**Provided material**
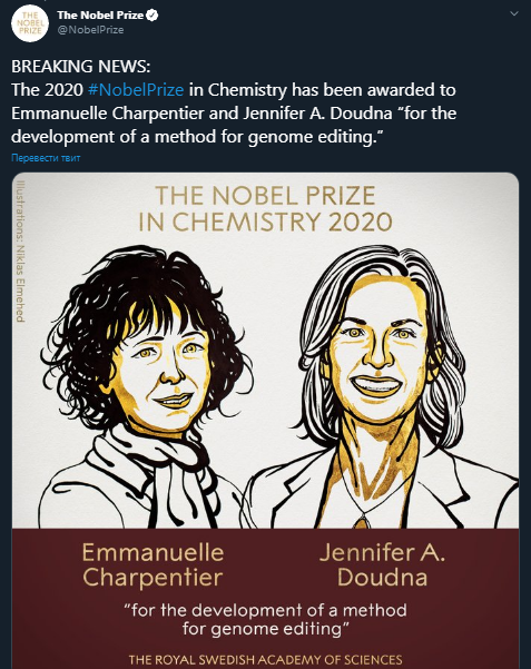 В 2020 году лауреатами Нобелевской премии в области химии стали Эммануэль Шарпентье и Дженнифер Дудна. Награду они получили за развитие методов редактирования генома.
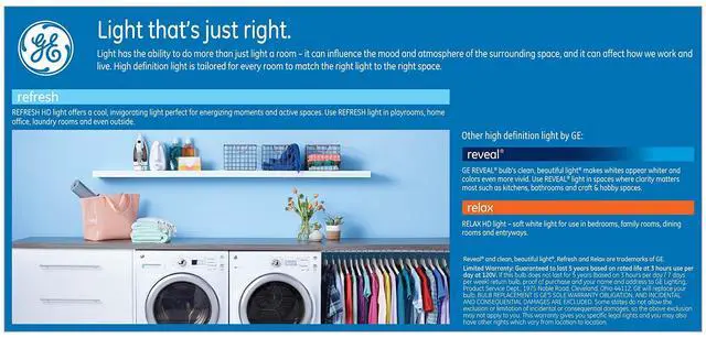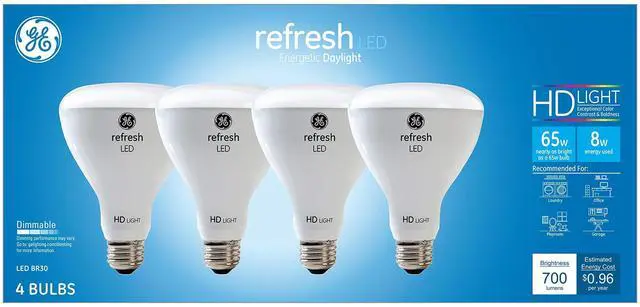 Standard GE LED bulbs. Refresh HD light offers a cool, invigorating light
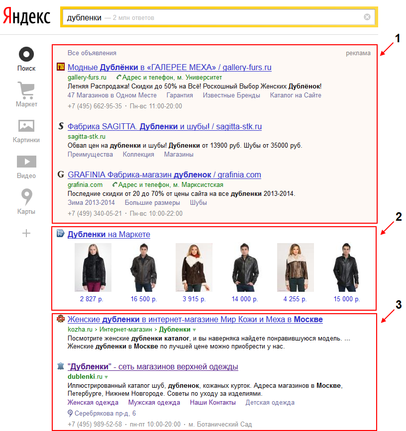 На Рис.3 представлен пример разделения естественных результатов выдачи (SEO) и рекламных результатов (контекстная реклама) в поисковике Яндекс, отдельно выделен специализированный результат — Яндекс.Маркет.
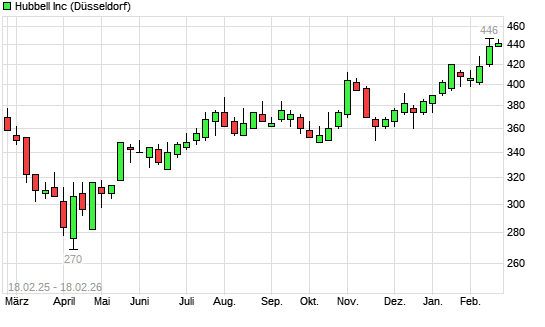 Mit dem Anstieg auf 448,00 EUR hat die HUBBELL-Aktie (ISIN US4435106079) am 17.02.2026 ein neues All-Time-High erreicht und damit den Kurs vom 22.11.2024 eingestellt.Die ...weiterlesen
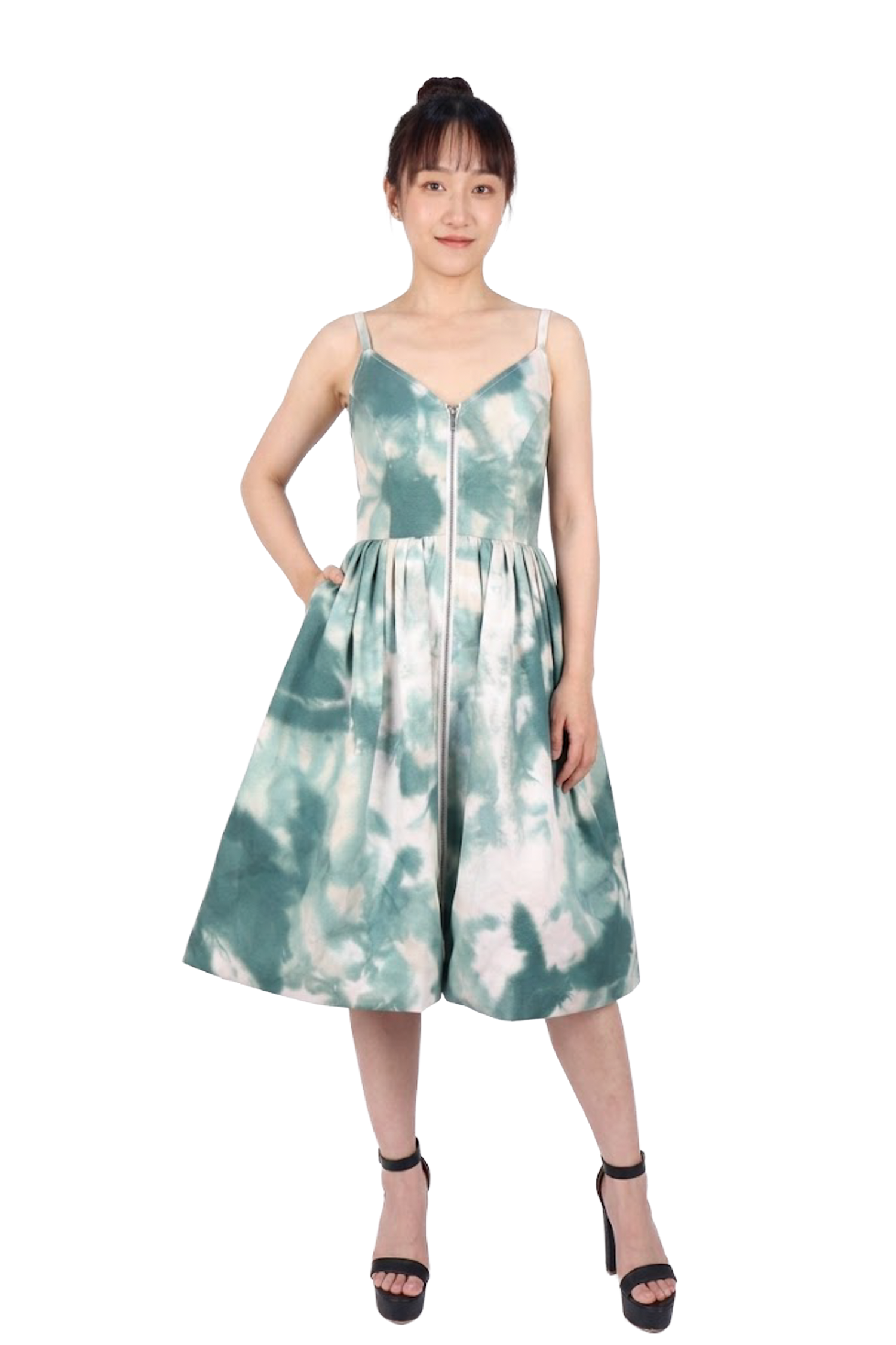 前中金屬拉鍊(可調整領口高低)、細肩帶設計、隱形側邊口袋。
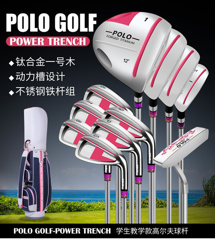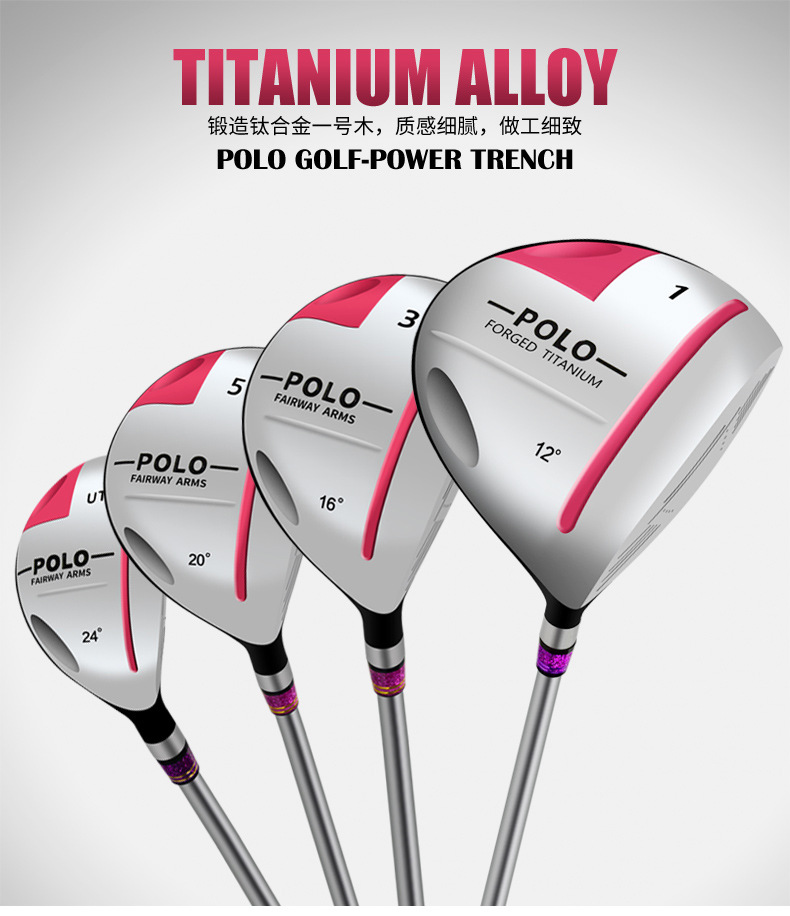 POLO set pakaian lengkap wanita, set tongkat Golf paduan titanium No. 1 kayu junior dan menengah dengan tas bola
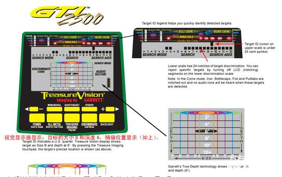 TreasureVision表示您的GTI2500顯示屏上的成像是由蓋瑞特公司的專*技術。
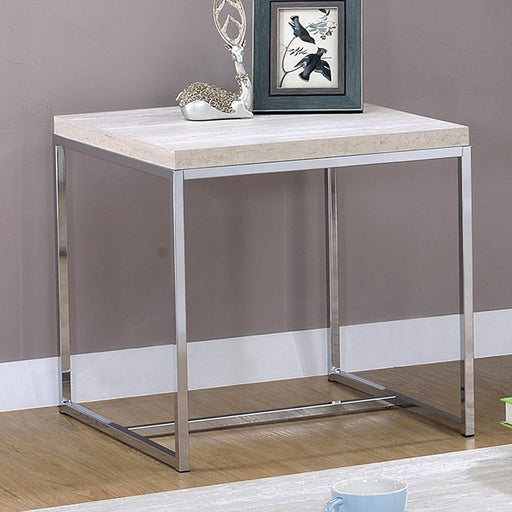 FOA WestNinove I White/Chrome End Table, 23 1/2"L X 23 1/2"W X 22"H, 53.5lbs. This contemporary set of living room tables has a unique curled shelving desi...
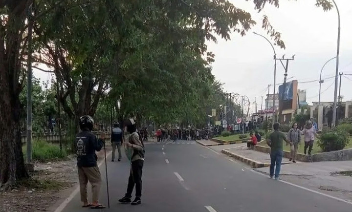 Pantaun di lokasi, tampak massa melempari batu ke arah Mako Polres. Polisi kemudian membalas dengan menembakkan gas air mata ke arah massa.

**Aim of the exercise**
Repeat exactly the stretch of the listing above that starts with the line holding "На Рис.3 представлен" and finishes with the line holding "TreasureVision", both included. Skip every picture.

**Solution below**
 На Рис.3 представлен пример разделения естественных результатов выдачи (SEO) и рекламных результатов (контекстная реклама) в поисковике Яндекс, отдельно выделен специализированный результат — Яндекс.Маркет.
 Mit dem Anstieg auf 448,00 EUR hat die HUBBELL-Aktie (ISIN US4435106079) am 17.02.2026 ein neues All-Time-High erreicht und damit den Kurs vom 22.11.2024 eingestellt.Die ...weiterlesen
 前中金屬拉鍊(可調整領口高低)、細肩帶設計、隱形側邊口袋。
 POLO set pakaian lengkap wanita, set tongkat Golf paduan titanium No. 1 kayu junior dan menengah dengan tas bola
 TreasureVision表示您的GTI2500顯示屏上的成像是由蓋瑞特公司的專*技術。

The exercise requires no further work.